Punjabi Kabaddi, also called Circle Style Kabaddi, is a contact sport that originated in the Punjab region, in the northern part of the Indian subcontinent. There are a number of traditional Punjabi kabaddi styles traditionally played in the Punjab region. Similar to standard kabaddi, circle style kabaddi is also played at state and international levels. Starting in 2010, the Punjab government has periodically administered an international tournament called the (circle style) Kabaddi World Cup, which has always been won by the India national team, except the 2020 tournament, which was played in Pakistan and won by Pakistan.

==Name==
The term kabaddi may be derived from the Punjabi word kauddi (ਕੌਡੀ) which is chanted to play kauddi or, it is derived from "katta" (calf) (ਕੱਟਾ) and kauddi (to chopped) (ਵੱਢੀ) which together has become kauddi.

==Traditional Punjabi kabaddi styles==

===Lambi kauddi===
In lambi kauddi (/ਲੰਬੀ ਕੌਡੀ) there are 15 players with a circular pitch of 15–20 feet. There is no outer limit. The players can run as far they can. There is no referee. The raider will say "kauddi, kauddi" throughout the attack.

===Saunchi kauddi===
Saunchi kauddi (سانچی کوڈی/ਸੌਂਚੀ ਕੌਡੀ) (also called Saunchi pakki/ਸੌਂਚੀ ਪੱਕੀ) can best be described as being similar to boxing. It is popular in the Malwa area of Punjab. It is unlimited players with a circular playing pitch. A bamboo with red cloth is dug into the ground which is paraded by the winner.

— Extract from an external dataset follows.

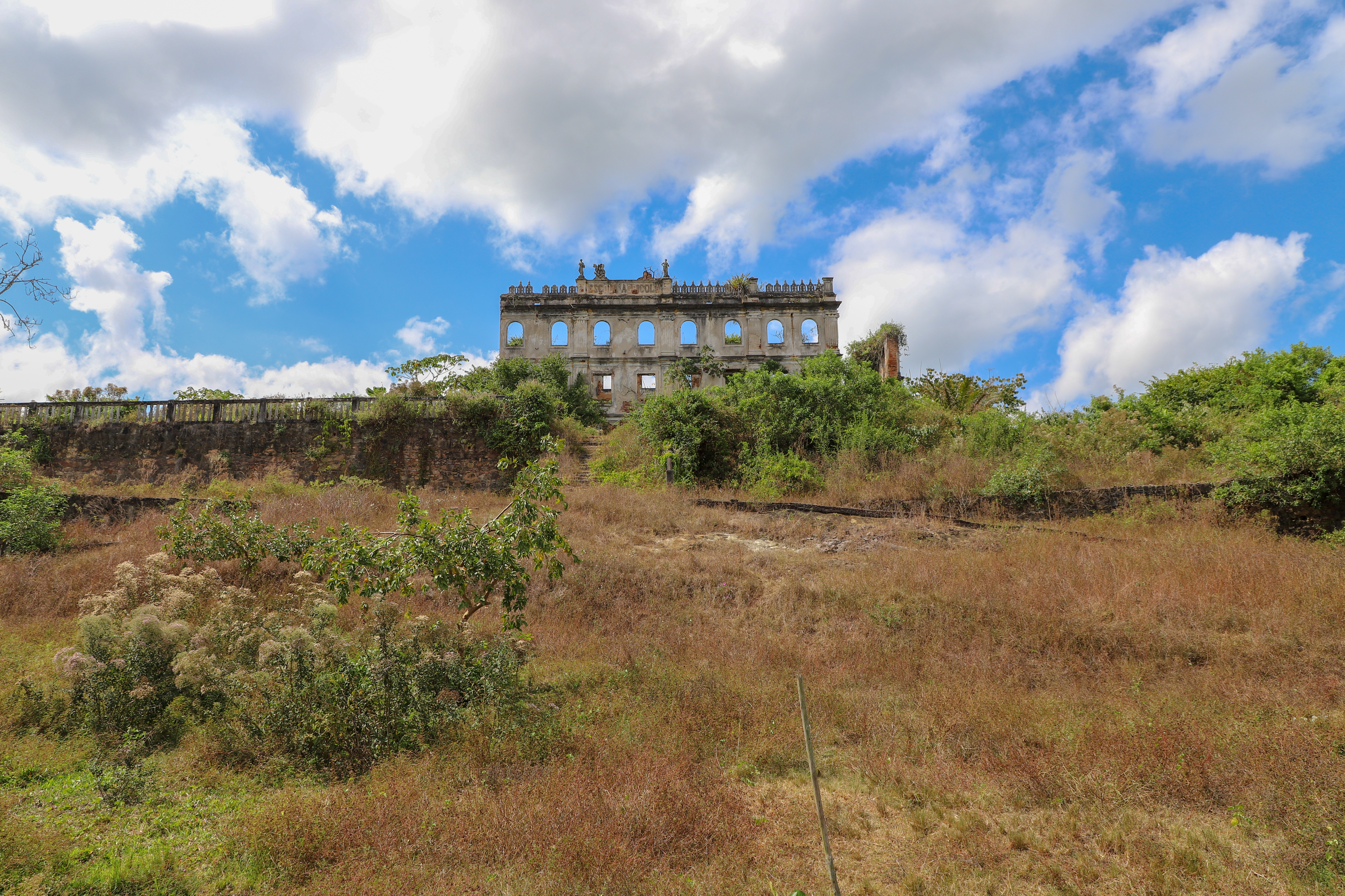 Escola Agrícola de São Bento das Lajes, São Francisco do Conde, Bahia, Brazil.

In sauchi kabaddi, the raider will hit the defender but only on the chest. The defender will then hold the raiders wrist. A foul is declared if any other part of the body is grabbed. If the defender holds the raiders wrist and restricts his movement, he will be declared the winner. If the raider loses the grip of the defender, then the raider will be the winner.

===Goongi kabaddi===
A popular style is Goongi kabaddi (گونگی کبڈی/ਗੂੰਗੀ ਕਬੱਡੀ) (silent kabaddi) where a raider player does not speak and say the word kabaddi but just touches the opponent's team player and the person he touches is the only player who will try to stop the raider. The struggle will continue until the raider reaches the starting line or acknowledges defeat and loses a point; if the raider safely reaches the starting line, he will get the point.

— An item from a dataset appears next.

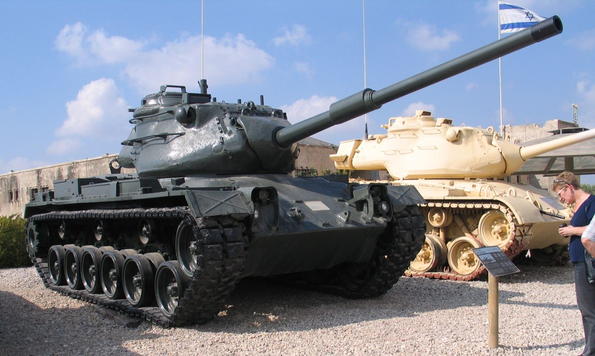 Description: M47E2 Patton tank in Yad la-Shiryon Museum, Israel. 2005. Source: Photo by me, User:Bukvoed.

===Other traditional styles===
- Chhe handhi (ਛੈ ਹੰਧੀ)
- Shamiali wali (ਸ਼ਮਿਆਲੀ ਵਾਲੀ)
- Peer kauddi (ਪੀਰ ਕੌਡੀ)
- Parh kauddi (ਪੜ ਕੋੋੋਡੀ)
- Badhi (ਬਧੀ)
- Baithvi (ਬੈਠਵੀ)
- Burjia wali (ਬੁਰਜੀਆ ਵਾਲੀ)
- Ghorh kabaddi (ਘੋੜ ਕਬੱਡੀ)
- Daudhey (ਦੋਧੇ)
- Cheervi (ਚੀਰਵੀ)
- Chatta wali (ਚਾਟਾ ਵਾਲੀ)
- Dhair kabaddi (ਢੇਰ ਕਬੱਡੀ) popular in Majha area of Punjab
- Ambarsari (ਅੰਬਰਸਰੀ)
- Ferozpuri (ਫ਼ਿਰੋਜ਼ਪੁਰੀ)
- Lahori (ਲਾਹੌਰੀ)
- Multani (ਮੁਲਤਾਨੀ)
- Lyallpuri (ਲਾੲਿਰਪੁਰੀ)
- Bahwalpuri (ਬਹਾਵਲਪੁਰੀ)
- Ambalvi (ਅੰਬਾਲਵੀ.

==Punjab Circle style==
===Rules of Kabaddi===
In the Punjab region, kabaddi is played on a circular pitch of a diameter of 22 meters and an inner circle with a line through the middle of the pitch: the pitch is called kaudi da bharha. There are two teams of 8 players; one on one raid; and no player leaves the field. If 2 stoppers attack a player, a foul is declared. Punjab style kabaddi does not require the raider saying "kabaddi, kabaddi" throughout the raid. The game lasts for 40 minutes with a change in sides after 20 minutes.

In the Punjab Circle Style form of Kabaddi, whenever any player is touched, by a raider the player that is touched has 30 seconds to stop the opposing player from reaching their side of the half if the raider is stopped the point is awarded to the defenders team but if the raider makes it back to their side the point is award for the raiders team. If a raider or defender I steps out of bounds a point is awarded to the other team.

==Notable competitions==
===Circle-style Kabaddi World Cup===
The circle style Kabaddi World Cup, is an international kabaddi competition administered by the government of Punjab (India) and contested by men's and women's national teams. The competition has been contested every year since the inaugural tournament in 2010, except for 2015 due to the 2015 Guru Granth Sahib desecration controversy. The women's tournament was introduced in 2012. The current Champion 2020 of Punjabi Kabaddi is Pakistan who won the final against India in February.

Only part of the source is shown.